Julian Harty PhD Candidate, The Open University

In this except from their book, The Mobile Analytics Playbook: A Practical Guide to Better Testing, application testing experts Julian Harty and Antoine Aymer explain four time-tested techniques that mobile development teams can use to improve testing for their apps, and in turn improve app quality.

You can download the entire e-book at the following link:

We have already introduced various concepts and approaches to improve the testing of mobile apps. Through reviewing several hundred research papers and the state of the art in the industry, we have identified four well-accepted and proven ways to boost app testing. They are:

  1. Better testing
  2. Test automation and continuous automated testing
  3. Scaling testing
  4. Static analysis

We will cover these in turn.

1) Better testing

When testers apply better practices and techniques they can test more effectively. Often the concepts seem too simple to work; for instance, using personas and heuristics is not complex or complicated to try. Nonetheless, when people aren’t aware of these techniques or do not apply them their testing can be mediocre. For instance, only 30 percent of screens and 6 percent of the code were exercised by 7 users who tested 28 popular Android apps.

Also, when testing is limited to the lab it lacks the richness, realism, or variety of how the apps are actually used. Furthermore, learning how to understand the information available on the device and the tools that access that information will enable testers to use these rich seams of data.

We want to break things before users do. One way to achieve this is to introduce volatility into the system and environment. We can embrace “disorder, randomness, and impermanence to make systems even better,” where the system is the mobile device, the network connection, and other services the app relies on. The same book makes two key points well worth considering when designing and performing our tests: “How to use continual experimentation and minor failures to make critical adjustments—and discover breakthroughs”, and “How an overreliance on measurement and automation can make systems fragile.” 

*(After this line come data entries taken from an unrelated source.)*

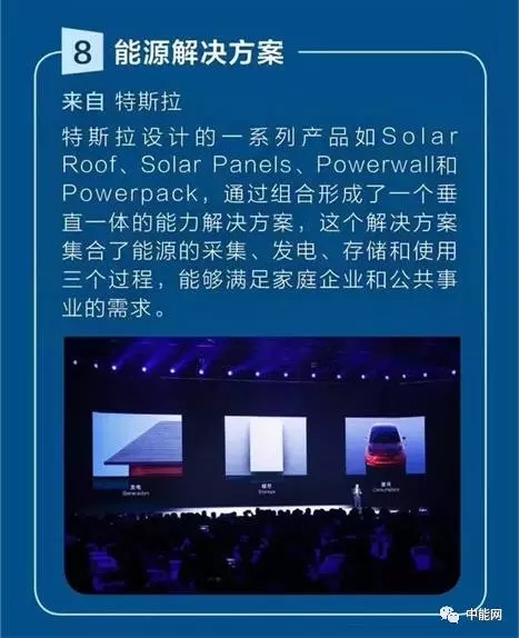 烏鎮峰會上是如此介紹特斯拉獲獎理由的:“特斯拉垂直整合能源解決方案集合了能源采集發電、能源儲存和使用三個過程。該方案可形成家用、商用及公用發電儲能系統,從而提高電網的可靠性和效率,降低企業和居民的能源成本,并提供能量后備供應。”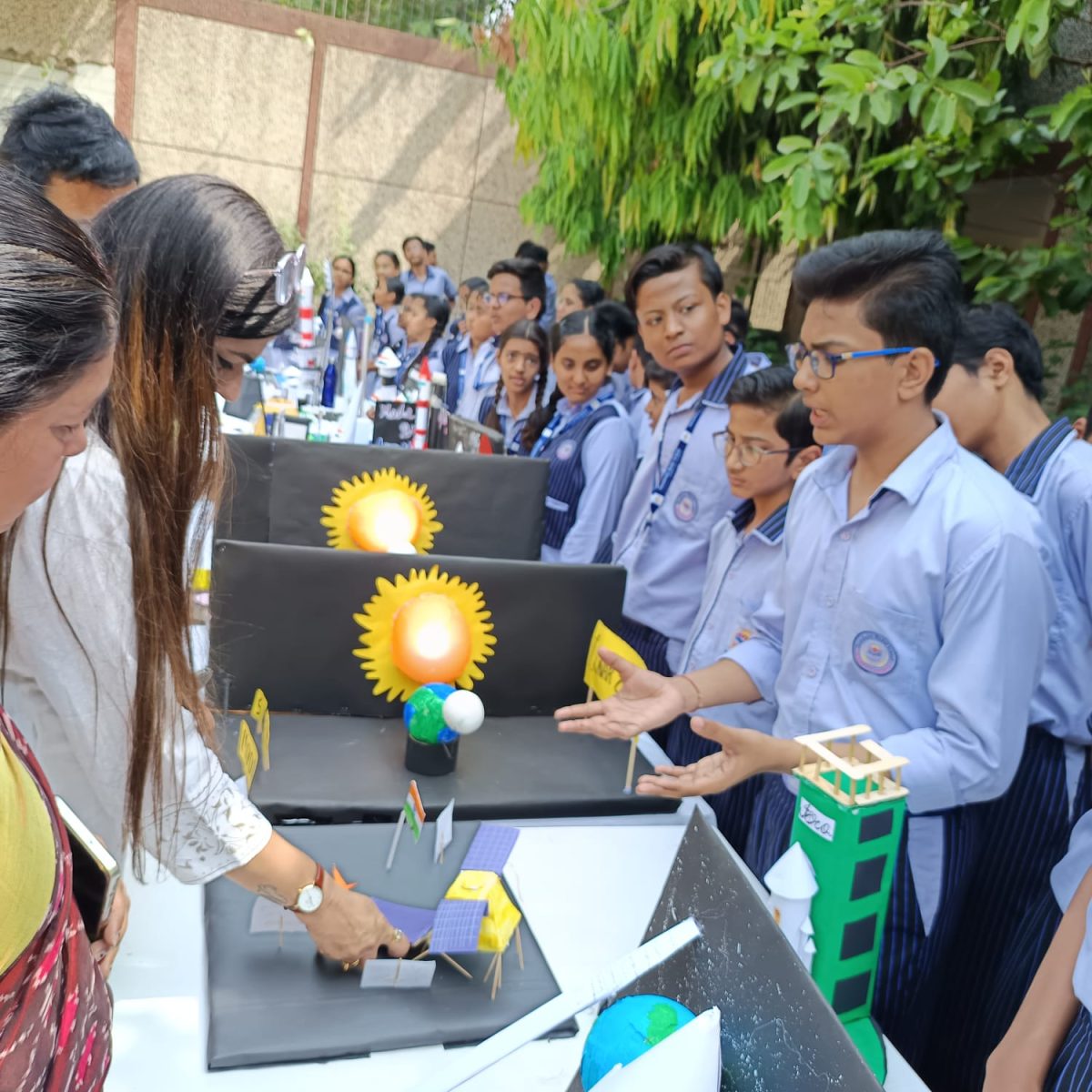 The exhibition was inaugurated by our respected Manager Mam, who appreciated the efforts of students and teachers for making the event a grand success. Parents, teachers, and visitors interacted with the participants and were impressed by their confidence and clarity while explaining scientific principles.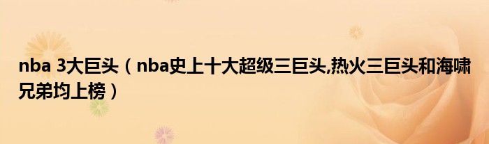 大家好,綜合小編來(lái)為大家講解下。nba 3大巨頭,nba史上十大超級(jí)三巨頭,熱火三巨頭和海嘯兄弟均上榜很多人還不知道,現(xiàn)在讓我們一起來(lái)看看吧!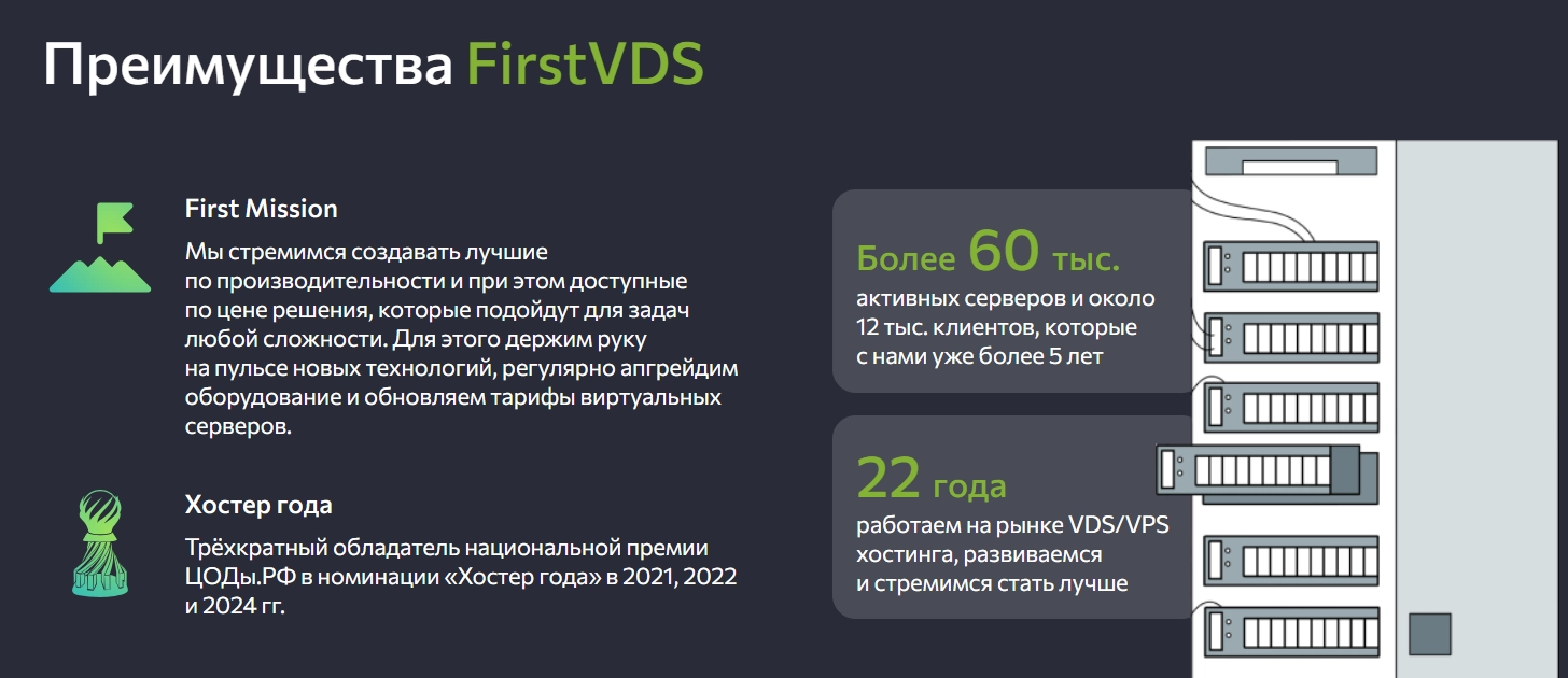 Серверы, построенные на кластере, обеспечивают высокую надёжность и стабильность. Если один узел выходит из строя, Ваш проект продолжает работу без простоев. Идеально для финансовых сервисов, интернет-магазинов и корпоративных систем.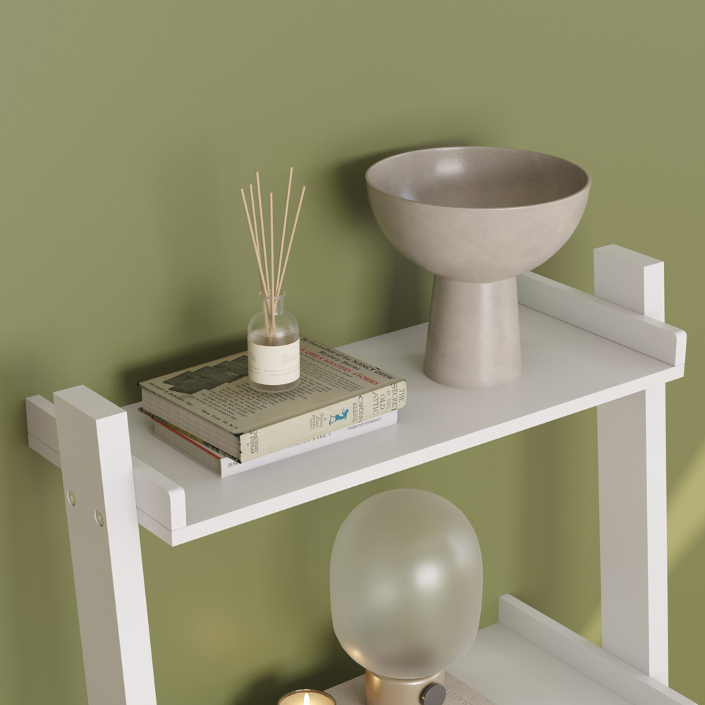 Create ample storage and display space at your home with Vida York 3-Tier Ladder Bookcase. Featuring a white finish that complements any decor style - it is the perfect solution for organizing and displaying your books, decorative items, and other essentials. The lightweight construction makes it easy to move from room to room - while the compact size means that it won't take up too much space. The sturdy ladder-style frame provides stability, and the wide base ensures that the bookcase won't tip over. Whether you're looking to declutter your living space this bookcase is a perfect choice.

Testing software actually consists of at least three primary activities: Testing, Bug investigation, and Setup (TBS). Time spent on setup and bug investigation effectively reduces the time needed for doing the actual testing. As the TBS figure shows, we want to increase the T and reduce the B and the S.

TBS is one aspect of session-based test management (SBTM), both the work of Jon Bach, a well-recognized guru in software testing.

Recreating sufficient fidelity

Tests don’t necessarily reflect reality, particularly when testing mobile apps. Our environment, device, conditions, experience, test design, and many other factors affect the validity of the results in terms of whether the bugs would be relevant for end users and how completely we can capture problems that would affect these users.

Conversely, as we work to improve the fidelity of our tests and our testing we risk over-investing in time, effort, and money. Therefore, it’s useful and important to find ways to test with sufficient fidelity to find flaws that are particularly relevant to various stakeholders, including the end users.

Improving the setup time and bug investigation can also indirectly help improve the testing and the ability to analyze, and reproduce, what happened.

Improving setup work

Installing apps and configuring devices can be burdensome and time-consuming. We can automate the creation and distribution of test releasesof the app, for instance by using the open-source continuous integration tool Jenkins. Another open-source project, Spoonfocuses on making automated tests easy to distribute, observe, and run.

Some smart teams have also created small software utilities that enable them to change system settings such as locale, Wi-Fi, etc. Android’s open architecture enables these apps to be written, installed, and used more easily than for other mobile platforms that are more closed in terms of what third-party software is permitted to do.

Improving bug investigation

Chasing bugs can be extremely frustrating and time-consuming. Also, critical information can be lost in the communication between the finder of the bug (which may be software) and whoever is trying to understand and possibly recreate the problem. Improving the bug investigation reduces the latency and cost of being able to make informed decisions of what to do about the bug.

There is plenty of information written to the central log on mobile devices. Log gathering, filtering, and processing can enable these logs to be analyzed quickly, accurately, and reliably.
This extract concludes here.